Jang Song Thaek, who had been considered Kim’s second-in-command, was executed last month after being found guilty of “attempting to overthrow the state,” North Korea’s state-run news agency reported.
The official North Korean account on Dec. 12 did not specify how Jang was put to death.
Hong Kong-based pro-Beijing newspaper Wen Wei Po reported that Jang and his five closest aides were set upon by 120 hunting hounds which had been starved for five days.
Kim and his brother Kim Jong Chol supervised the one-hour ordeal along with 300 other officials, according to Wen Wei Po. The newspaper added that Jang and other aides were “completely eaten up.”
The newspaper has acted as a mouthpiece for China’s Communist Party. The report may be a sign of the struggle between those in the party who want to remain engaged with North Korea and those who would like to distance themselves from Kim’s regime.

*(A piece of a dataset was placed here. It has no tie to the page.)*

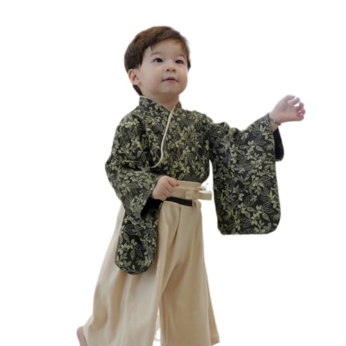 [SLINX] 男の子ベビー着物セット男の子 キッズ 袴 セット 袴風 セパレート 上下セット フォーマル 簡単 簡易 はかま 着物 衣装 和装 お宮参り 初節句 七五三 子供服 衣装 初節句 お祝い お正月 ベビー服 HF422 (カーキ, 100)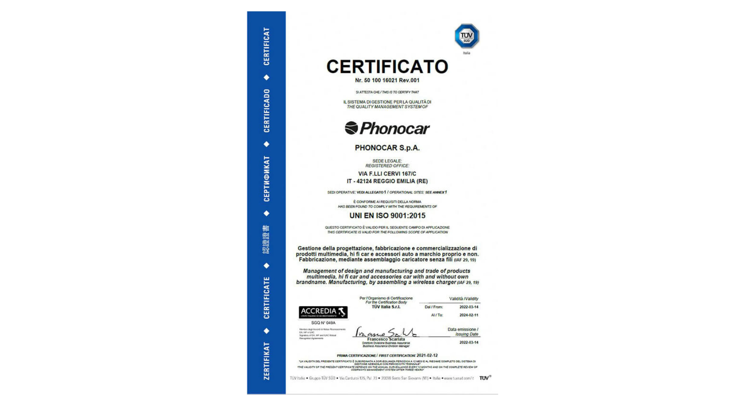 L’azienda ha ottenuto la Certificazione UNI EN ISO 9001:2015 per la progettazione, fabbricazione e commercializzazione di prodotti multimedia, hi-fi car e accessori auto.

The youngest son of Kim Jong Il succeeded his late father in 2011, becoming the third member of his family to rule the unpredictable and reclusive communist state.
Jang was seen by many experts as a regent behind North Korea’s Kim dynasty and a key connection between the hermit nation and its ally China.
In the highly scripted execution, North Korea accused him of “attempting to overthrow the state by all sorts of intrigues and despicable methods with a wild ambition to grab the supreme power of our party and state.”
Kim’s government also accused him of of corruption, womanizing, gambling and taking drugs, and referred to him as “despicable human scum.”
Jang was married to Kim’s aunt, Kim Kyong Hui, the younger sister of Kim Jong Il.